Toll at this type of routes is a tricky thing. A route like Sydney's Cross City Tunnel is heavily underused because of toll, maintaining the congestion and exhaust fumes in town and meaning that the investors will most likely not recover their investment. If NY/NJ/Federal authorities were to create this type of toll route, it would be a bad assumption that they will recover their investment via tolling. The tax payer will take a substantial part of the hit.

That being said, a Long Island - New Jersey tunnel following the I-95 corridor is probably much more sensible than the originally planned Cross-Manhattan route. In doing this, you would eliminate as much Manhattan as you could, and most certainly the area where the ground is full of tunnels, electricity lines, etc. That is also the reason why Stockholm's Förbifart is kind-of feasible. It's proposed route goes under water much more than underneath residential areas.


----------



## ChrisZwolle (May 7, 2006)

It's possible to go quite deep with a bored tunnel with this length. There are subsea tunnels in Norway that are less than 8 kilometers long that are deeper than 200 meters below sea level. There's plenty of opportunity to go below most of Manhattan's subterranean infrastructure due to the length of such a tunnel. This would not be possible with a short tunnel. 

There are several differences with Sydney and New York. First of all, the Sydney Cross City Tunnel is short, and bypasses only a limited number of traffic lights, with plenty of alternate surface streets available. In New York, the potential for such a tunnel is much bigger, you have 7.5 million people on Long Island on one side and northern New Jersey with 6 or 7 million people on the other side. It's not only shorter, it's also much faster than using the trans-Manhattan routes via the existing tunnels, or the alternate routes via the GWB or BQE. These alternate routes already have tolls at some point, so you will have to pay any way. It also would give direct access to the area's highest capacity routes; the 8-lane Long Island Expressway and the 12-lane New Jersey Turnpike.


----------



## mgk920 (Apr 21, 2007)

In addition to the real potential to replace the antiquated elevated structure on the Gowanus Expressway (I-278) in Brooklyn, NYC with a tunnel, I would continue that tunnel northward on a fairly straight track under Brooklyn from where I-278 makes that turn at the Prospect Expressway to emerge and connect with the Brooklyn-Queens Expressway (I-278) about where it crosses Flushing and Kent Aves. This would allow I-278 through traffic to bypass the very congested parts of the BQE in the area of downtown Brooklyn, allowing the worst part in the middle (the cantilevered section) to be abandoned, while retaining 'spur' access between I-278 and downtown Brooklyn from each end.

Also, IMHO, I would think that a, I-495 Manhattan bypass tunnel would work very well with a one-way eastbound car toll in the $25-30 range, in today's money, considering the tolls charged by the existing bridges and tunnels and the much improved utility that such a bypass tunnel would provide.

Mike


----------



## Penn's Woods (Apr 8, 2010)

^^There have been proposals to that effect. I remember reading something in the New York Times about a year ago.

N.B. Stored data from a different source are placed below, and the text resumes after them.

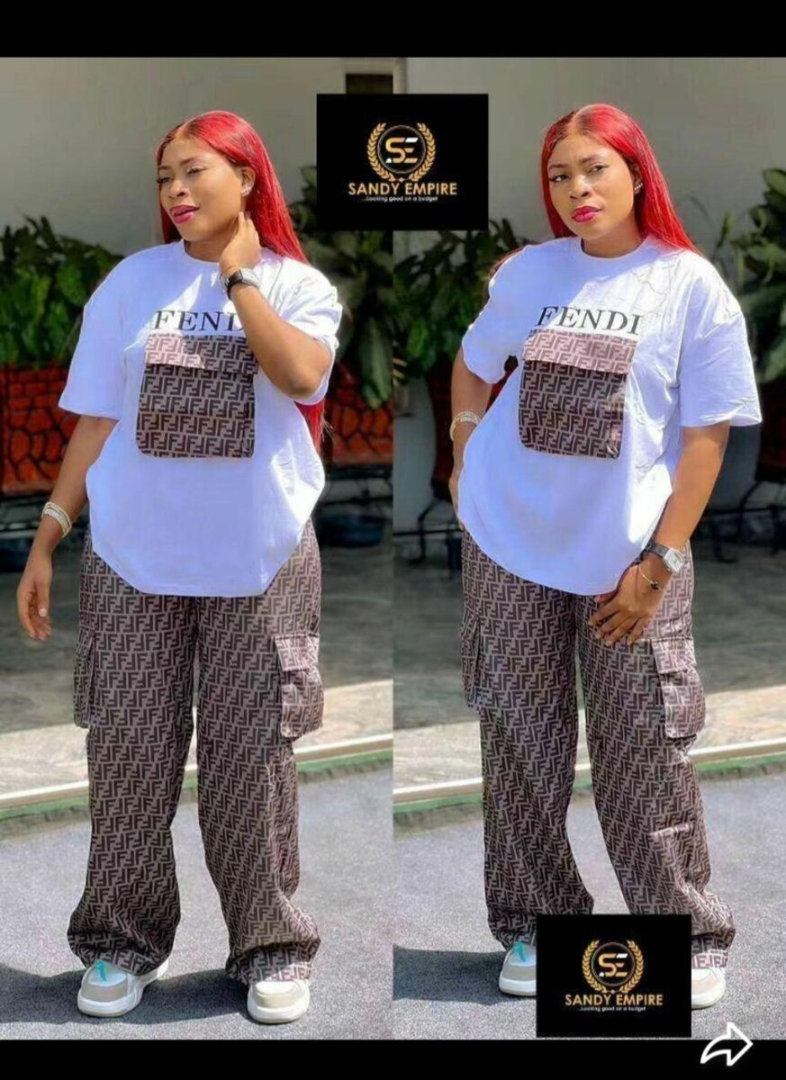 Adoptez un style chic et confortable avec cet ensemble Fendi décontracté. Le t-shirt ample avec logo et les pantalons cargo apportent une touche moderne à votre look quotidien. Parfait pour une journée relax ou une sortie entre amis. Alliez mode et confort avec Fendi.
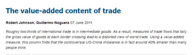 這家美國智庫的觀點(diǎn),也得到了來自歐洲的智庫“經(jīng)濟(jì)政策研究中心”2011年一篇報(bào)告的佐證。報(bào)告中的數(shù)據(jù)就顯示,如果貿(mào)易逆差是按照各個(gè)國家在產(chǎn)品中實(shí)際的“附加價(jià)值”計(jì)算的話,那么中美的貿(mào)易逆差將會(huì)大大縮減40%甚至更多。
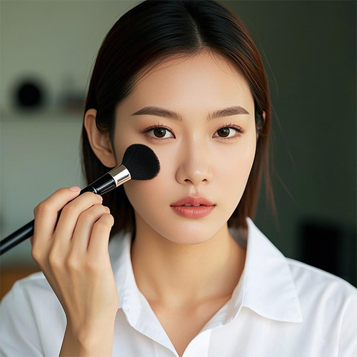 4、上粉底的時(shí)候,下巴位置薄涂,上完底妝后,在下巴位置擦點(diǎn)修容粉。
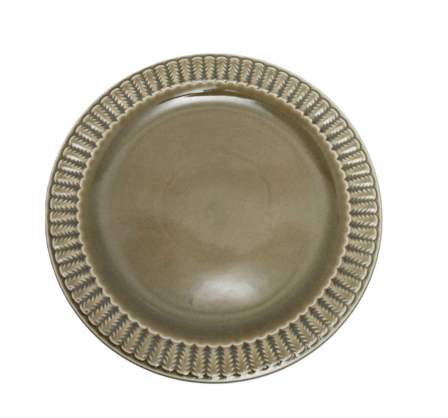 Desiree, Grøn glasseret Stor sidetallerken, som vi desværre ikke kender navnet på, men som er yderst sjælden. Diameter 19 cm. Lettere overfladekrakeleringer. Pris: 50 kr. stk. Lager: 6 Udstiller
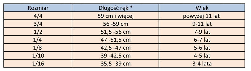 Выберите подходящий для вас размер скрипки, смотрите ориентировочную таблицу ниже.
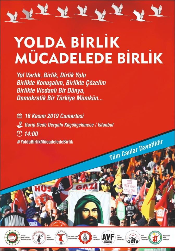 7 Alevi çatı kurumu, ‘İnancımıza, yolumuza, davamıza sahip çıkmak için bir araya geliyoruz’ şiarıyla 16 Kasım Cumartesi günü saat 15.00’te İstanbul’da bulunan Garip Dede Dergahı’nda buluşuyor.
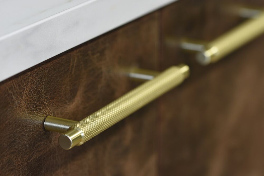 Strakke ribb greep mat messing  de greep is leverbaar in 2 lengte maten
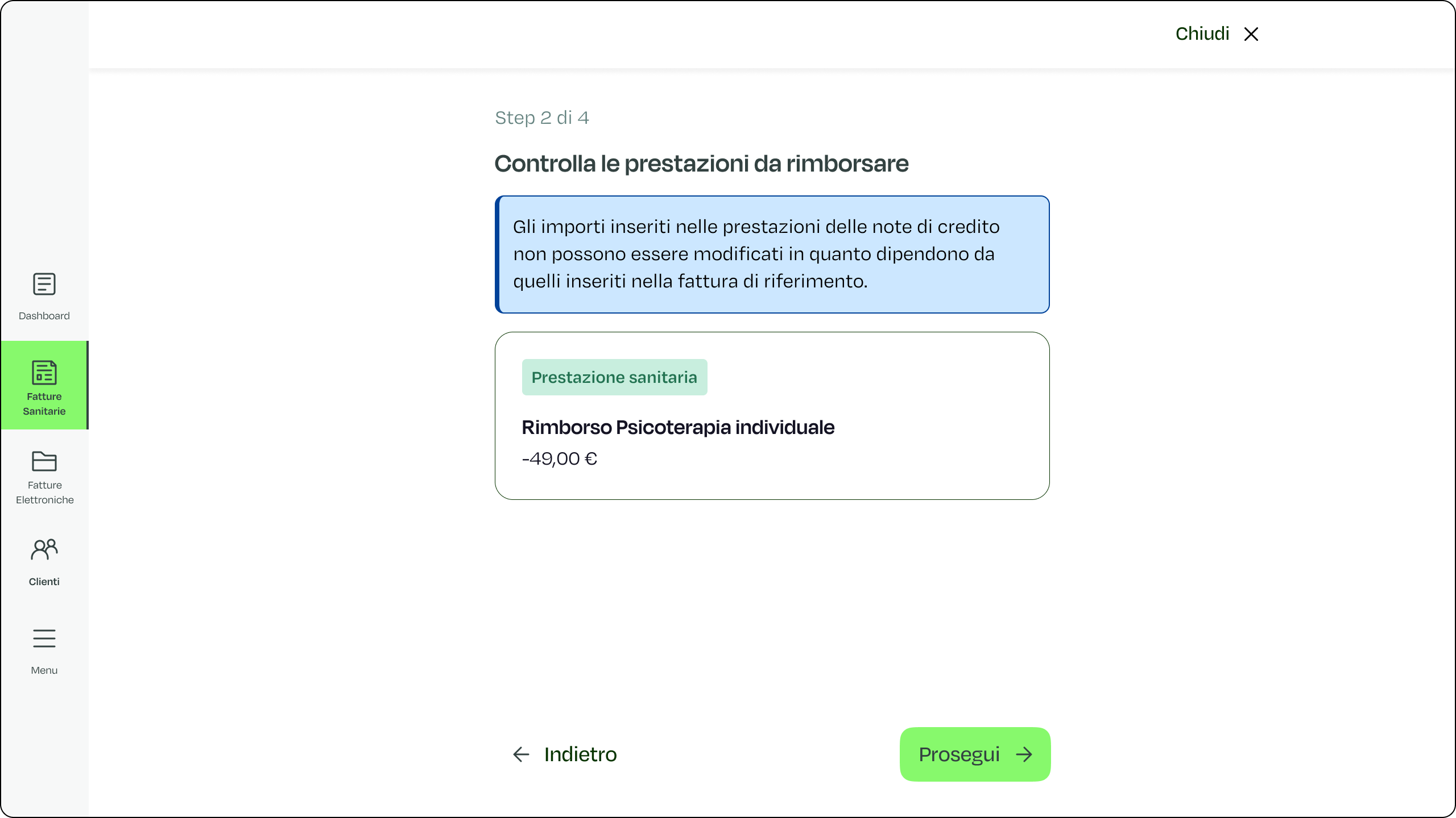 - Clicca su “Prosegui” per visualizzare, nel secondo step, il riepilogo delle prestazioni inserite nella fattura di riferimento e che si intende rimborsare. Una volta verificate le informazioni, è sufficiente premere nuovamente il pulsante “Prosegui”; Non è possibile modificare le prestazioni o l’importo. Gesto prevede esclusivamente il rimborso totale della fattura.
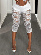 BamGleam 3/4 Length Lace Sheer Leggings In Solid Color, Sexy

It was discussed at AARoads: http://www.aaroads.com/forum/index.php?topic=3545.0


----------



## ChrisZwolle (May 7, 2006)

mgk920 said:


> Also, IMHO, I would think that a, I-495 Manhattan bypass tunnel would work very well with a one-way eastbound car toll in the $25-30 range, in today's money, considering the tolls charged by the existing bridges and tunnels and the much improved utility that such a bypass tunnel would provide.


Yep. If you want to leave Long Island for New Jersey today, you will have to pay tolls at either the RFK / GWB bridge or the VNB and Goethals bridge, also running in the $ 15 - 20 range plus all congestion en-route. 

The main problem in the New York City area are not the number of lanes per se, but the outdated alignment of many expressways and parkways, plus the low-capacity interchanges. The average daily traffic per lane in New York City is much lower than say, Houston or Los Angeles. This is even more pronounced when you consider that commercial vehicles are banned on many parkways and drives, which should theoretically lead to a higher capacity than on the expressways.


----------



## Penn's Woods (Apr 8, 2010)

^^The last time I drove through (as opposed to "to") New York City - on my way to New England, following I-95 from central New Jersey all the way to Attleboro, Massachusetts, so the George Washington Bridge and Cross-Bronx Expressway - I had no congestion at all until I was in Connecticut. This was 2 or 3 o'clock on a Wednesday afternoon in early June.


----------



## Nima-Farid (Jul 13, 2010)

^^ what if they build a bridge, partially suspended.


----------



## RV (Oct 23, 2007)

*Helsinki proposed expressway/motorway network (1960's-1970's)*
All of these should had been built by 1980, or that was what they thaught in 1970. A real shame they didn't - we had money to build this when environmental activists had ready appeared.

Blue: Built
Green: Approved
Pink: May possibly be built in a far future
Red: Cancelled

I'm sory about a so shitty paint-made picture, but the information is from a book that dates back to 1970 and I didn't find the plans online.


----------



## -Pino- (Aug 12, 2007)

ChrisZwolle said:


> IIn New York, the potential for such a tunnel is much bigger, you have 7.5 million people on Long Island on one side and northern New Jersey with 6 or 7 million people on the other side.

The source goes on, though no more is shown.